● What the exercise asks
Find, in the records below, the line that contains "Ergene ilçesinde işçi" and the line that contains "体重管理 オゼンピックダイエット8日目。 体重は同じところあたりウロウロ。". Copy those two lines and everything between them exactly, but not the pictures.

● Data for this exercise
'''

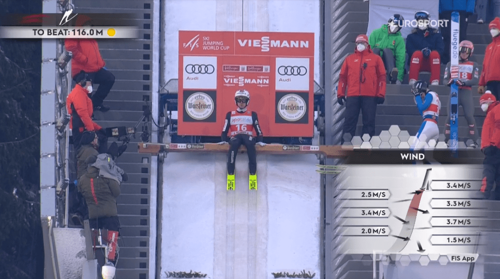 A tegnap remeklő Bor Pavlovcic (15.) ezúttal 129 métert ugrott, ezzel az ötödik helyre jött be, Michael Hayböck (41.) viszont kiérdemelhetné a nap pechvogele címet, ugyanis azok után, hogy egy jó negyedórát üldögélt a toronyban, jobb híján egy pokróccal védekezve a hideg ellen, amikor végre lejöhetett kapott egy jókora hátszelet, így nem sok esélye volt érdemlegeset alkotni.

'''
'''

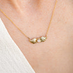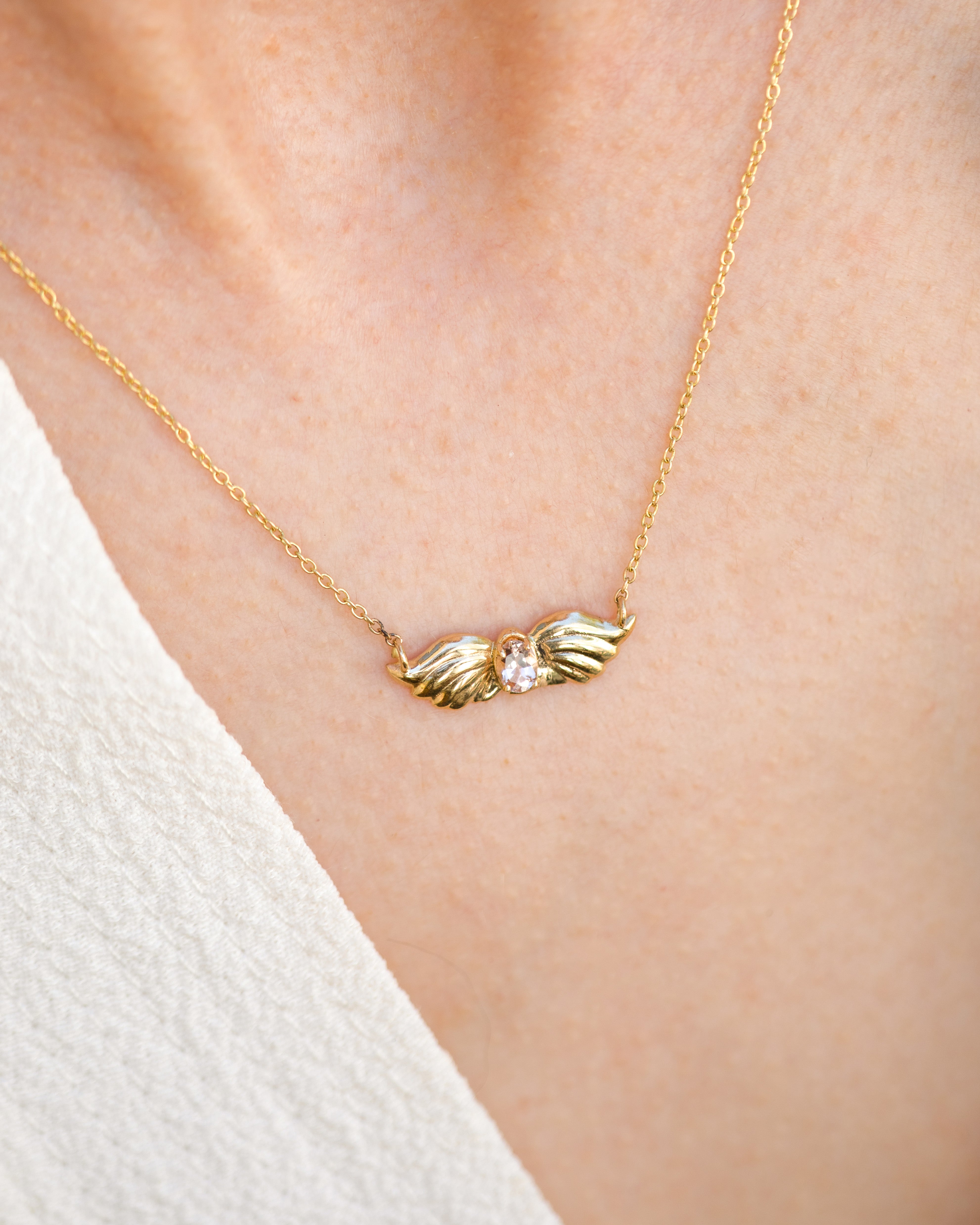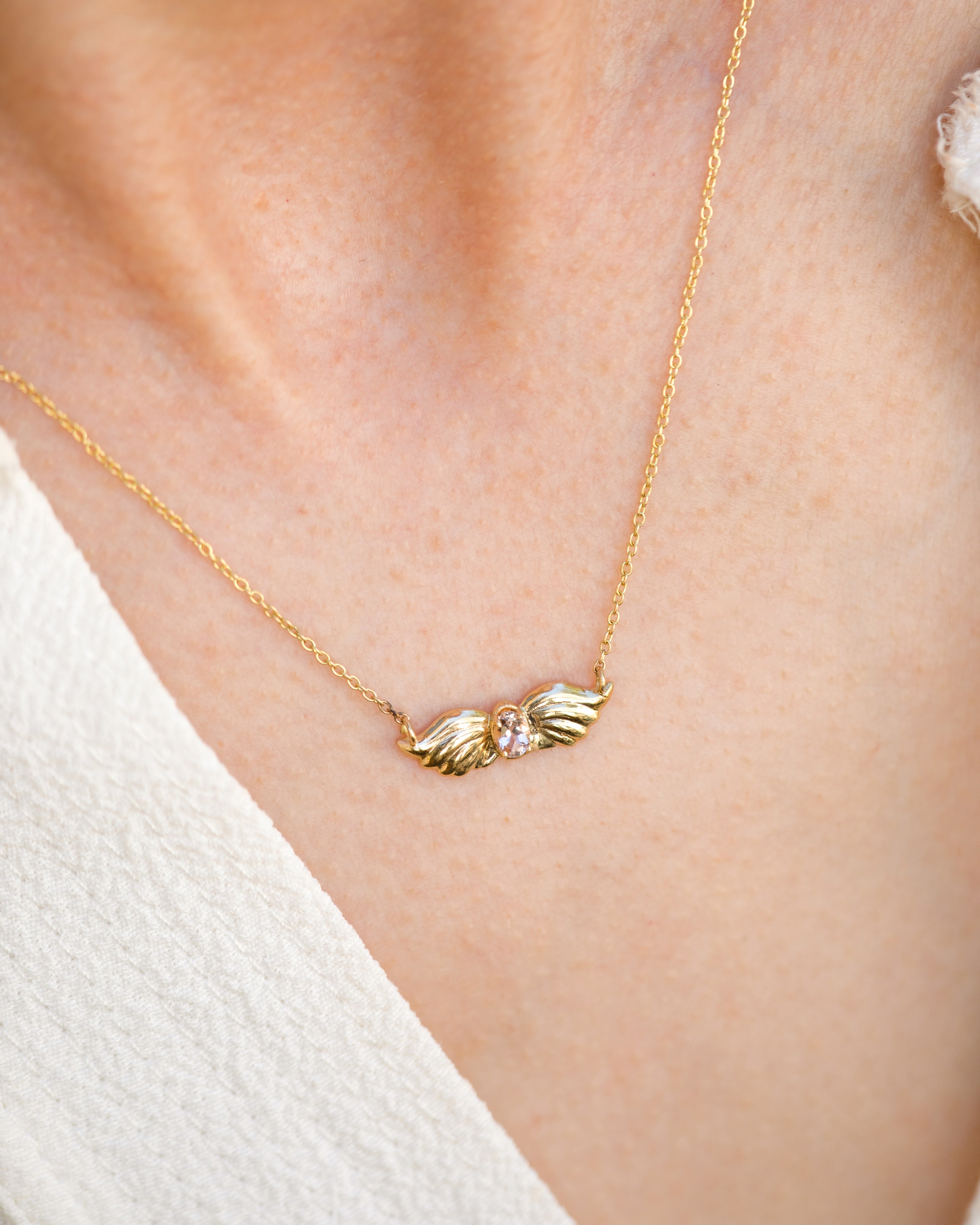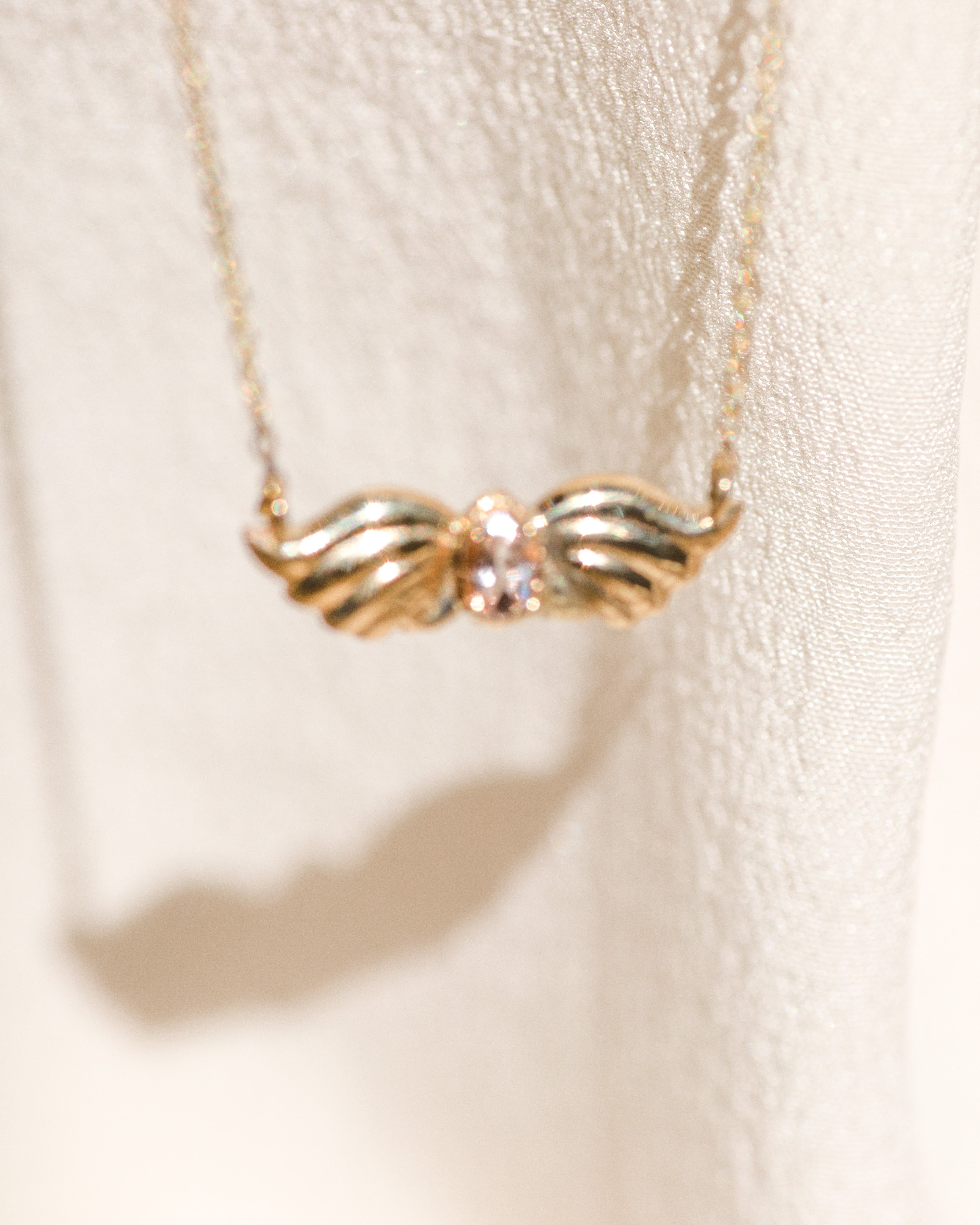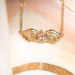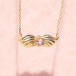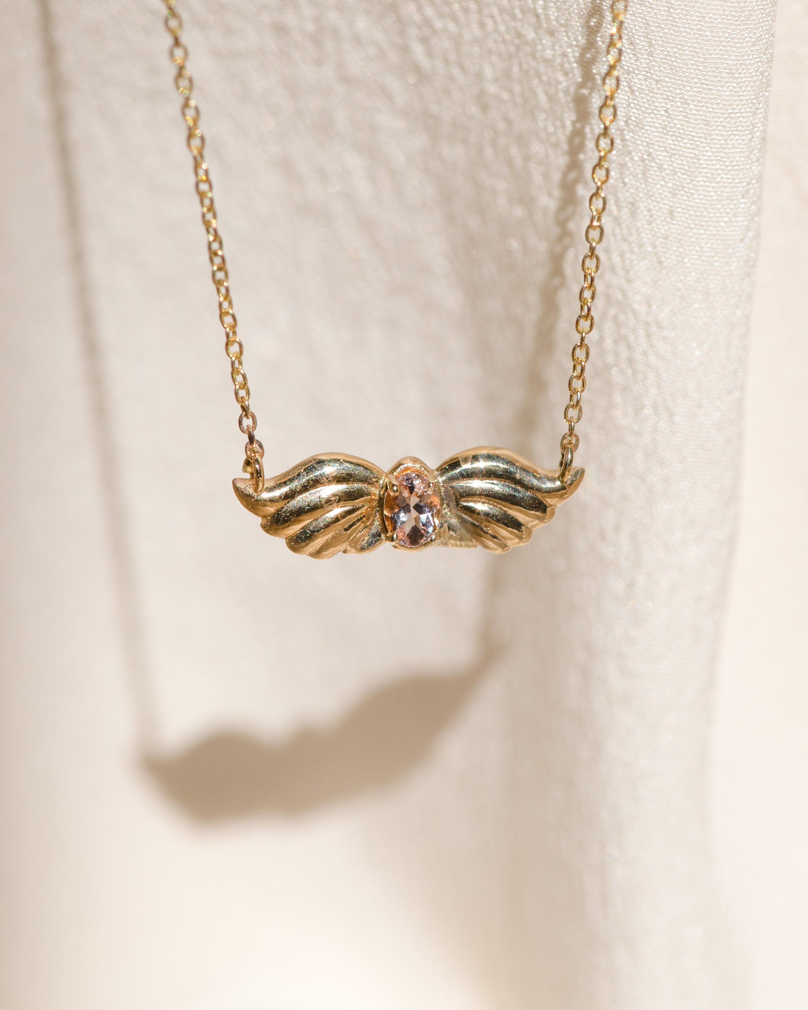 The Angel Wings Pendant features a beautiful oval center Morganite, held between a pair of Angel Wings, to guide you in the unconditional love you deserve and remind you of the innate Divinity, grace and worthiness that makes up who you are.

'''
'''

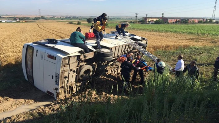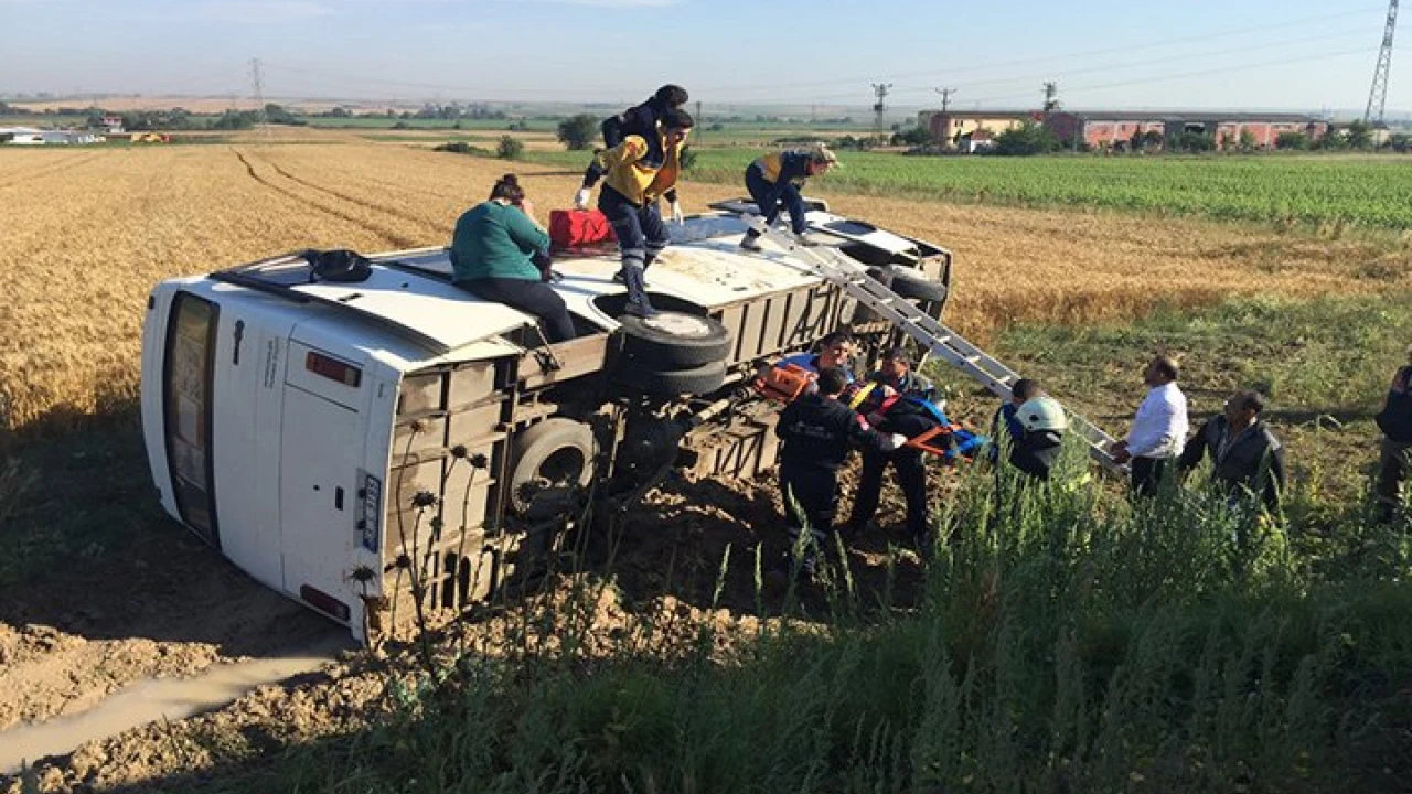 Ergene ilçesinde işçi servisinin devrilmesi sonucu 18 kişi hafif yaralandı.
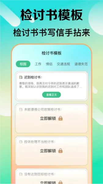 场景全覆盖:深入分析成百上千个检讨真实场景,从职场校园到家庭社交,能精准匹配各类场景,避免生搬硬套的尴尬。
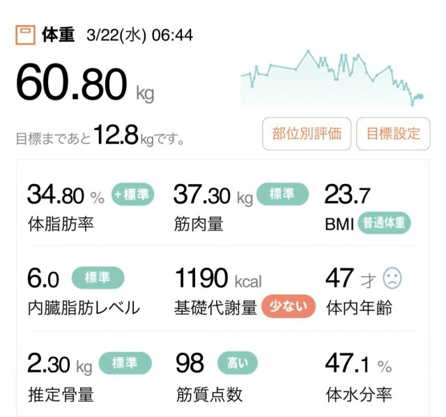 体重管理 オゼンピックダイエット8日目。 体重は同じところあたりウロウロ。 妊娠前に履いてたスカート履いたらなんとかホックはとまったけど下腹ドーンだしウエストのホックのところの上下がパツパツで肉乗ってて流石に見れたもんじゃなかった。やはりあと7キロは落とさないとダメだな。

'''

● Written answer
 Ergene ilçesinde işçi servisinin devrilmesi sonucu 18 kişi hafif yaralandı.
 场景全覆盖:深入分析成百上千个检讨真实场景,从职场校园到家庭社交,能精准匹配各类场景,避免生搬硬套的尴尬。
 体重管理 オゼンピックダイエット8日目。 体重は同じところあたりウロウロ。 妊娠前に履いてたスカート履いたらなんとかホックはとまったけど下腹ドーンだしウエストのホックのところの上下がパツパツで肉乗ってて流石に見れたもんじゃなかった。やはりあと7キロは落とさないとダメだな。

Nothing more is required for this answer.